Een andere vaardigheid die positief werkt bij leesbegrip, is het zelf schrijven van teksten. Als leerlingen bewust gedachten op gaan schrijven, dan moeten ze ook bewust over een aantal complexe zaken nadenken; woordkeuze, spelling, syntaxis, domeinkennis, en wie de lezer is (Hochman & Wexler, 2017). Als al deze vaardigheden in een keer worden gevraagd aan de leerlingen zorgt dit voor een cognitieve overbelasting. Wie kent niet de leerling die heel goed over het weekend kan vertellen, maar als daarna gevraagd wordt om dit op papier te zetten, deze leerling niet verder komt dan 3 zinnen? Dit zijn dan soms ook meerkunners, waarover je je dan als leerkracht enorm verbaast. Toch is dat niet vreemd als je bedenkt hoe complex de vaardigheid van een tekst schrijven is.
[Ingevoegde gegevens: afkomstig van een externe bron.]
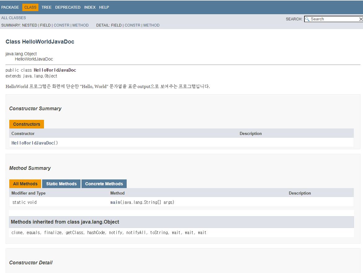 $ javadoc -d [출력 디렉토리] [대상 파일] // javadoc -d 20240820 hello.java

Dit vraagt om een structurele opbouw van schrijven en het begint op zinsniveau (Hochman & Wexler, 2017). In het primair onderwijs wordt dit meestal niet structureel opgebouwd. Er is geen duidelijk curriculum schrijven en in de praktijk geven leerkrachten weinig feedback op de schrijfproducten. Het is vaak een ondergeschoven kindje en alleen als er schrijfopdrachten in de taalmethode staan, worden deze uitgevoerd (van Koeven & Smits, 2021). Dit is jammer, want juist structureel leren hoe een tekst moet worden geschreven helpt bij het begrijpen van een tekst. Het begrijpen van teksten is daarnaast dan weer van belang om een volwaardig deelnemer aan de maatschappij te worden.